Solid angle in a cube

Question

Consider this picture. I need to integrate a function of spatial position and direction for the entire volume of the cube. So for example at point (x1,y1,z1) I need to integrate for the distance s and all the surface area of the cube.
Normally I would just integrate with a volume element dAds* were dA can be dxdy* or dxdz* or dydz*, depending on the surface of the cube.
However the solid angle about s is projected on the wall.
So should I multiply the volume element with the cosine of the angle between the normal of each surface with s?

Answer 1

Consider a box $$B=[a_1,b_1]\times[a_2,b_2]\times[a_3,b_3]\ ,$$ and assume that the "origin" $p=(p_1,p_2,p_3)$ is in the interior of $B$. In order to compute the volume integral $\int_B f(x)\>{\rm d}(x)$ you can go ahead as planned and compute six integrals over pyramids $P_k$ having a face of $B$ as base.

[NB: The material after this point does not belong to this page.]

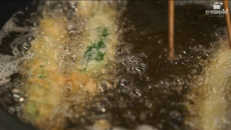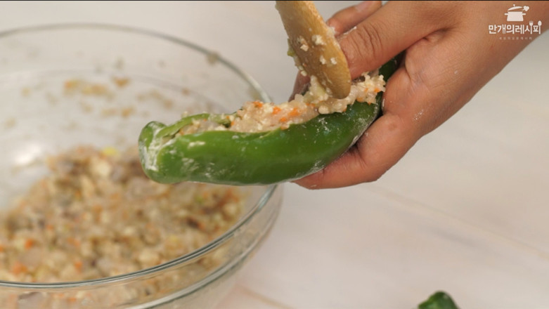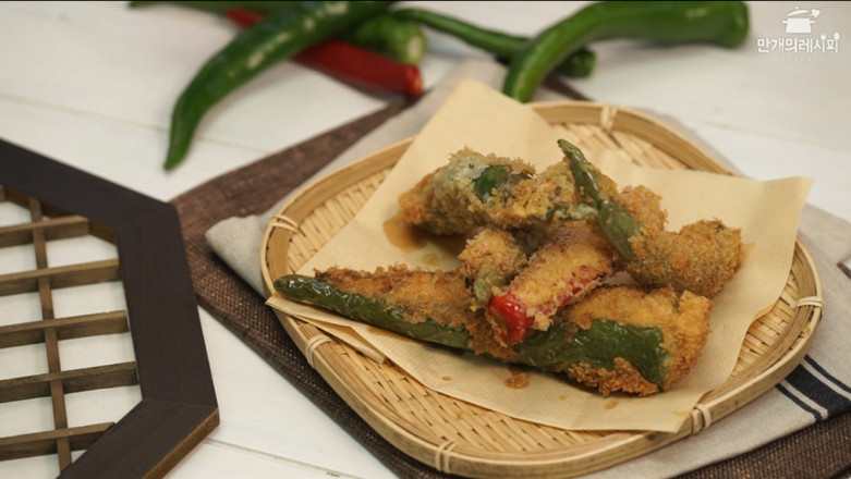 在辣椒外面依次包裹面粉、蛋液和面包粉。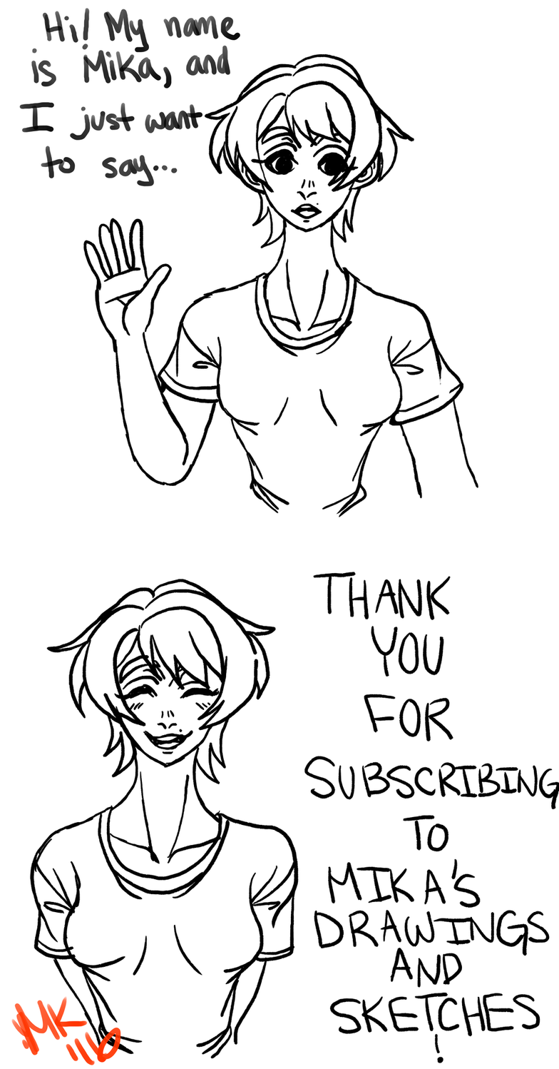This is a little "comic" I drew just to say thank you for subscribing to my series :D! I really want to say thank you to all those who have subscribed, liked, and commented on my artwork! It appreciate it so much! To be honest, when ever one of you does any of things, it makes me happy to be noticed by you ^-^! Anyway, I just want to let everyone know that since I want to begin practicing digital art some more, I might do some streaming and that will be announced on my wall! Feel free to come and chat with me! Also, when we reach 30 subscribers, I might do a Q & A, so please also look forward to that :).

Consider as an example the integral corresponding to the face $x_1=b_1$ of $B$. This face is parametrized by $$(u,v)\in[a_2,b_2]\times[a_3,b_3]=:F\ .$$ A parametric representation of the corresponding pyramid $P$ is then given by $$x=(1-t)p+t\bigl(b_1, u,v\bigr)\qquad\bigl(0\leq t\leq 1,\ (u,v)\in F\bigr)\ .\tag{1}$$ The Jacobian determinant of $(1)$ computes to $J=t^2(b_1-p_1)$. We therefore obtain $$\int_P f(x)\>{\rm d}(x)=(b_1-p_1)\int_F\>\int_0^1 t^2\>f\bigl((1-t)p+t(b_1,u,v)\bigr)\>dt\>{\rm d}(u,v)\ .$$